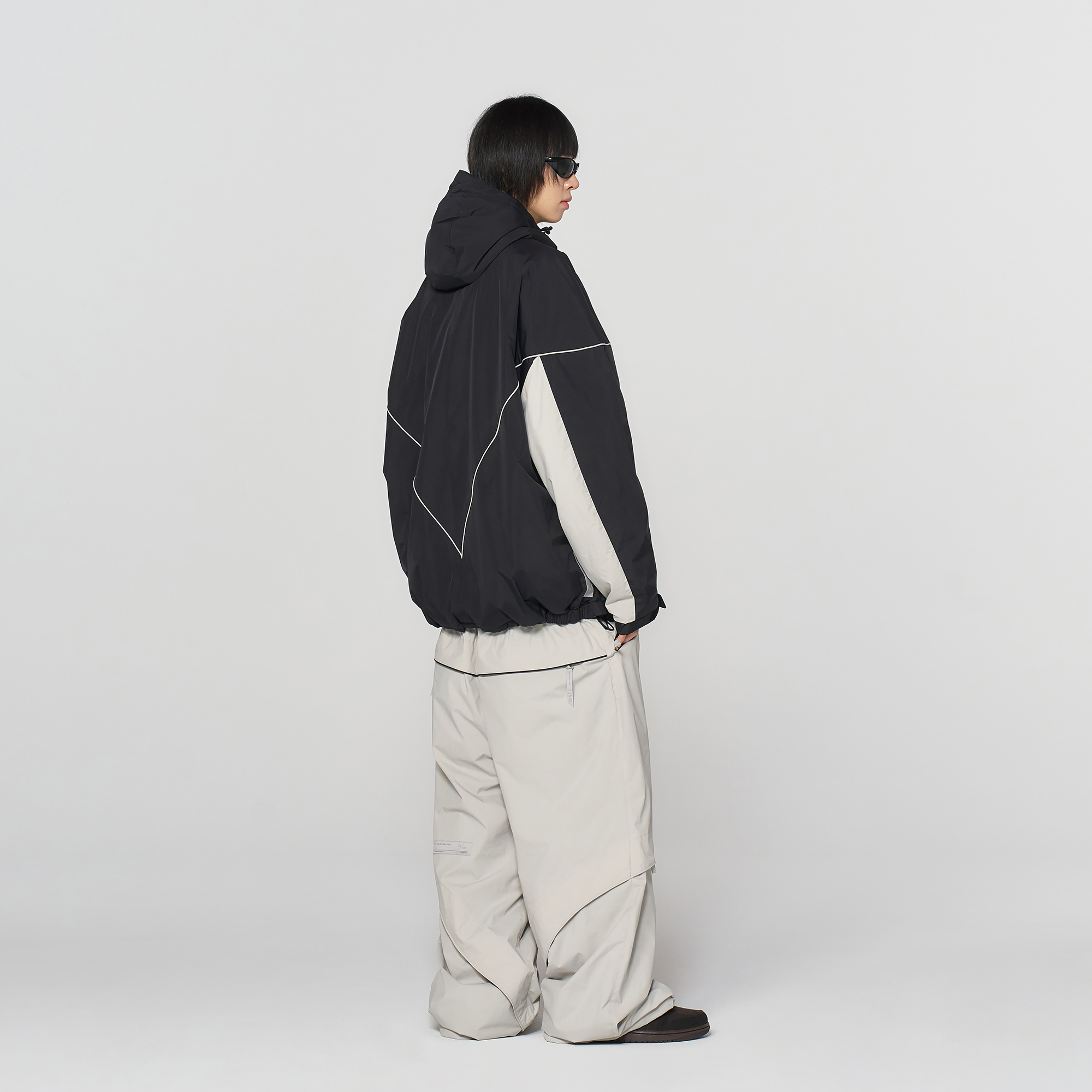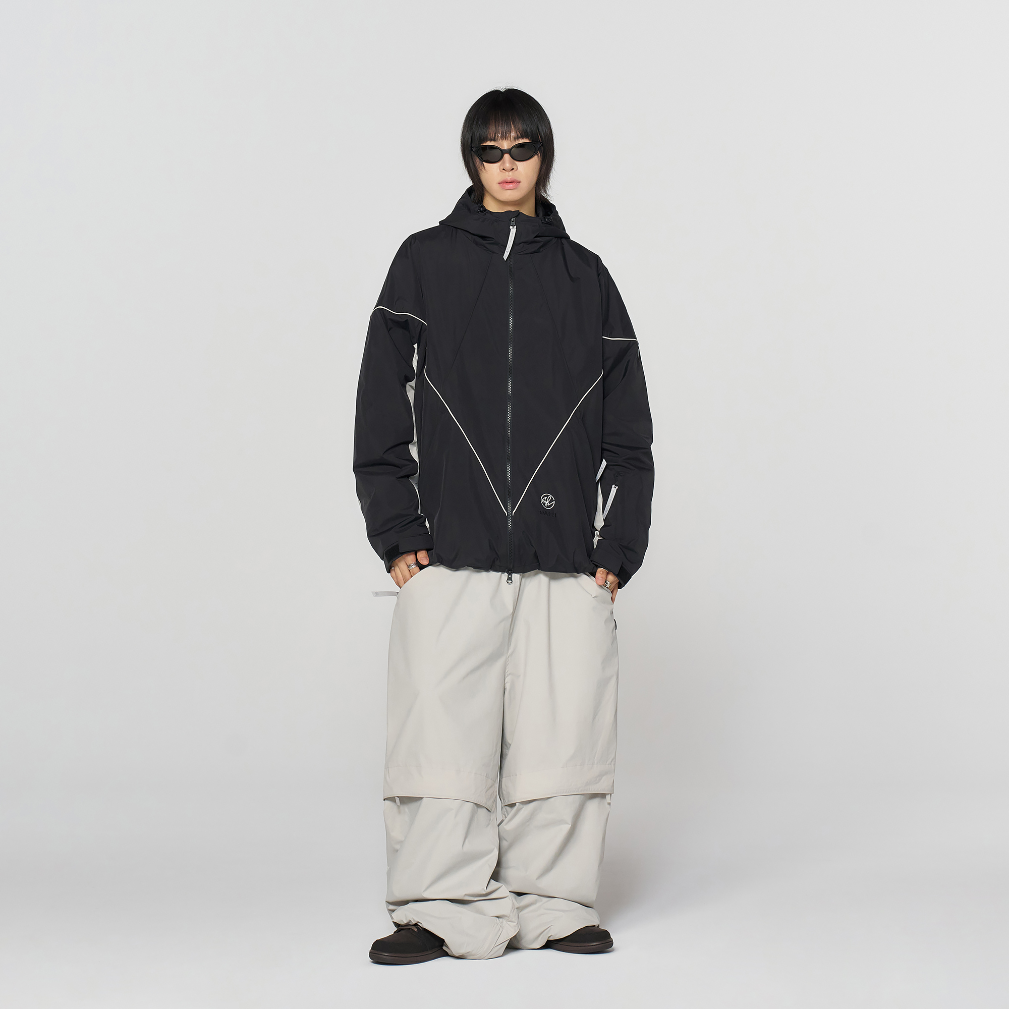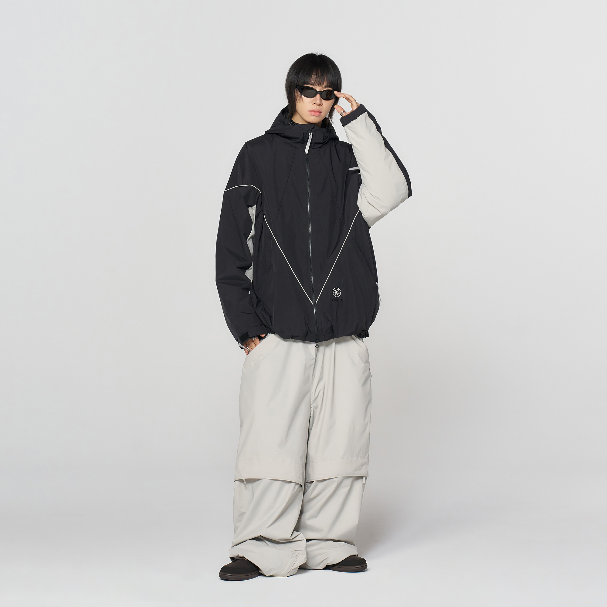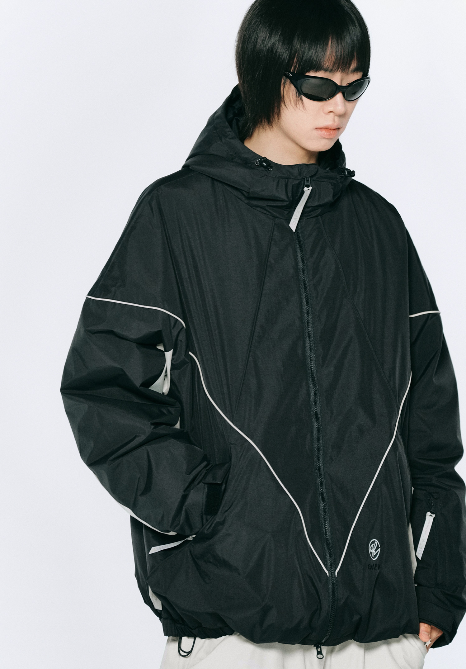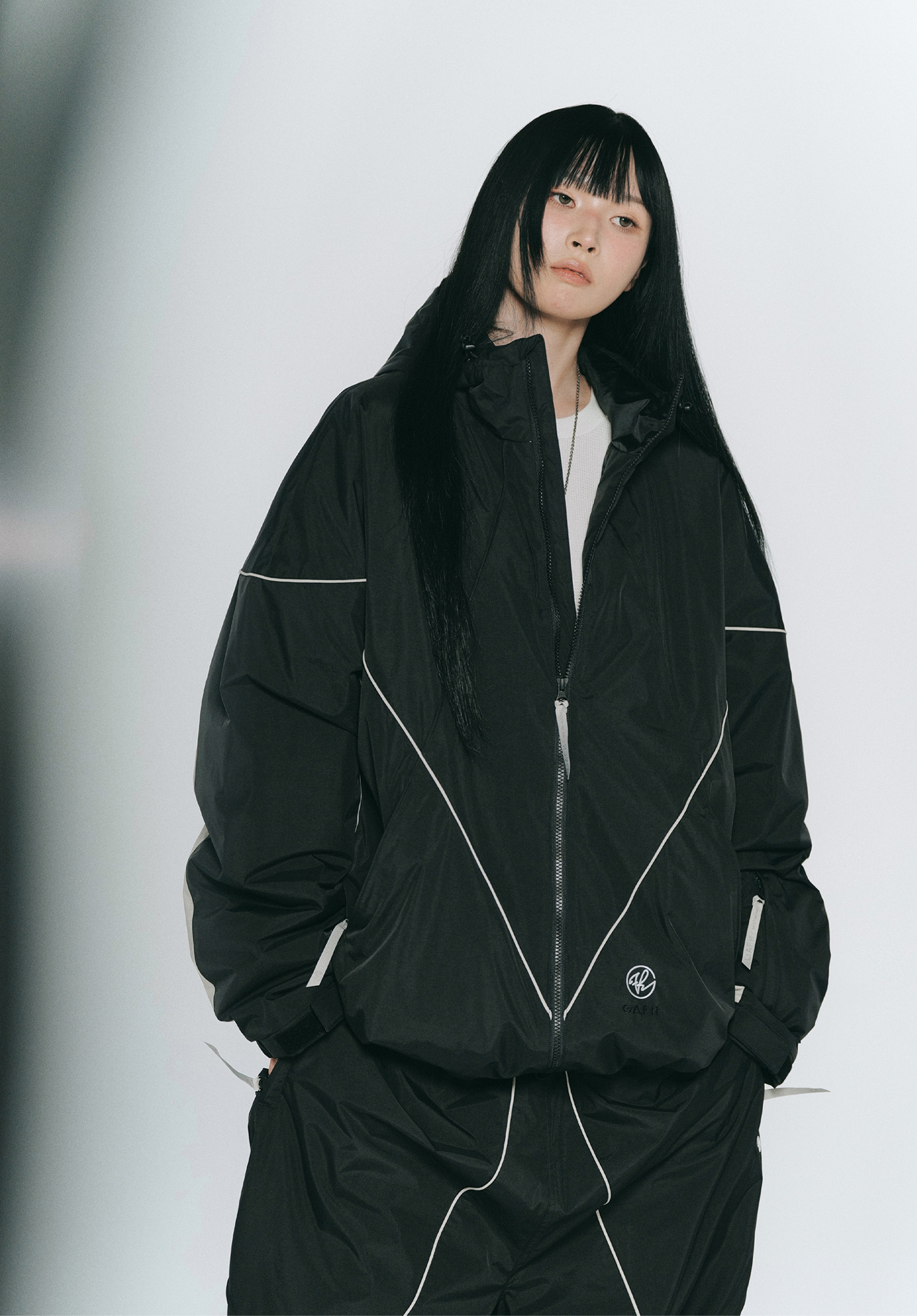 오버핏 실루엣 위에 교차된 파이핑 디테일과 소매 배색이 조화를 이루는 자켓입니다.
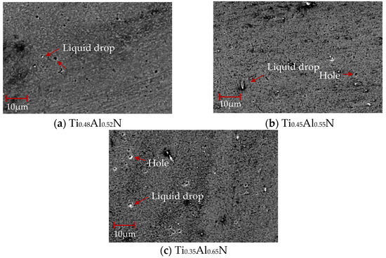 The SEM morphology of TiAlN coatings with different content is shown in Figure 5. It can be seen that with the increase of Al content, the particles on the surface of the coating became larger and the density decreased. The shape of the particles also changed from dense particles to large particles. The reason for this change in particle shape is mainly because the hexagonal AlN structure generated in the coating process changes the phase composition and grain orientation. With the increase of Al content, droplets and pores increase significantly, which will affect the coating quality.
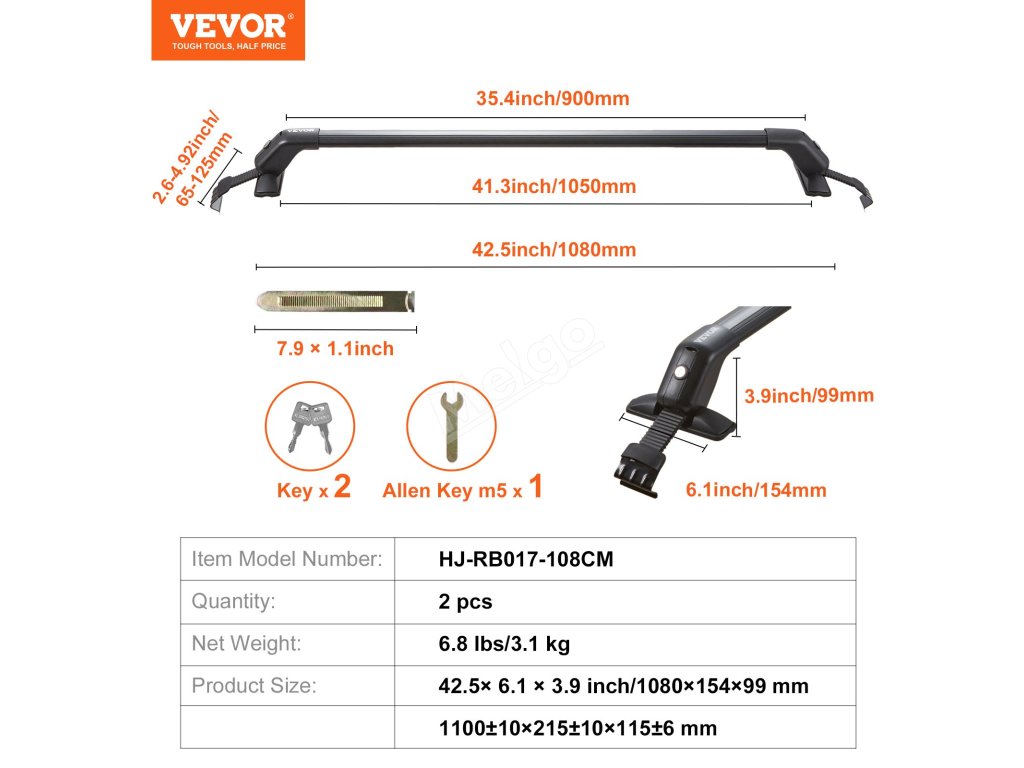 Příčné tyče střešního nosiče jsou vyrobeny z nejkvalitnějších materiálů včetně zesíleného leteckého hliníku; naše tyče střešního nosiče jsou konstruovány tak, aby vydržely. Nemusíte se bát, že se zdeformují nebo zlomí, takže se můžete vydat na nesčetná dobrodružství.
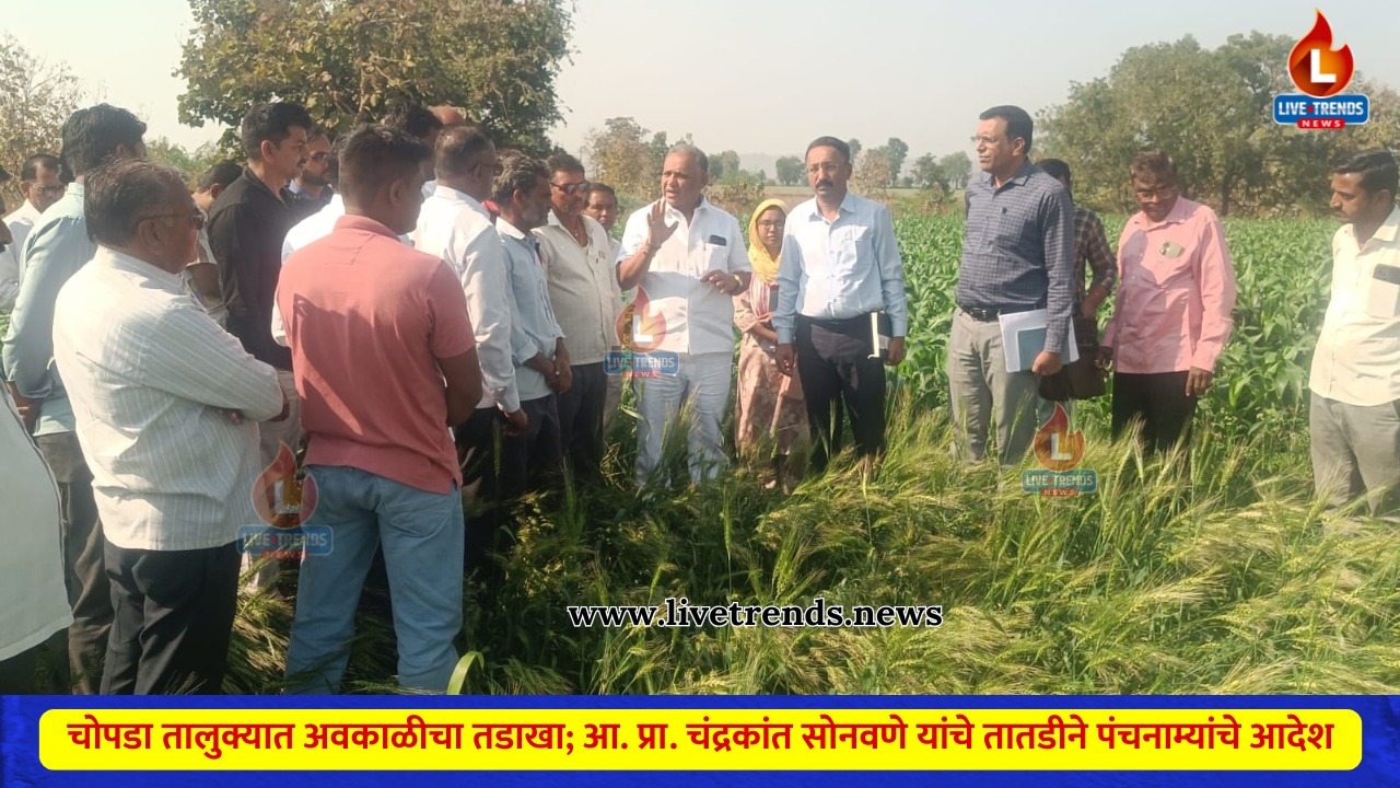 एकूणच, अवकाळी पावसामुळे त्रस्त झालेल्या चोपडा तालुक्यातील शेतकऱ्यांना दिलासा देण्यासाठी लोकप्रतिनिधी व प्रशासनाने तातडीने पावले उचलली असून, पंचनाम्यांनंतर शासकीय मदतीची प्रक्रिया वेगाने राबवली जाण्याची अपेक्षा व्यक्त केली जात आहे.

++++++

No image belongs in the copy. Transcribe the full listing verbatim.

 오버핏 실루엣 위에 교차된 파이핑 디테일과 소매 배색이 조화를 이루는 자켓입니다.
 The SEM morphology of TiAlN coatings with different content is shown in Figure 5. It can be seen that with the increase of Al content, the particles on the surface of the coating became larger and the density decreased. The shape of the particles also changed from dense particles to large particles. The reason for this change in particle shape is mainly because the hexagonal AlN structure generated in the coating process changes the phase composition and grain orientation. With the increase of Al content, droplets and pores increase significantly, which will affect the coating quality.
 Příčné tyče střešního nosiče jsou vyrobeny z nejkvalitnějších materiálů včetně zesíleného leteckého hliníku; naše tyče střešního nosiče jsou konstruovány tak, aby vydržely. Nemusíte se bát, že se zdeformují nebo zlomí, takže se můžete vydat na nesčetná dobrodružství.
 एकूणच, अवकाळी पावसामुळे त्रस्त झालेल्या चोपडा तालुक्यातील शेतकऱ्यांना दिलासा देण्यासाठी लोकप्रतिनिधी व प्रशासनाने तातडीने पावले उचलली असून, पंचनाम्यांनंतर शासकीय मदतीची प्रक्रिया वेगाने राबवली जाण्याची अपेक्षा व्यक्त केली जात आहे.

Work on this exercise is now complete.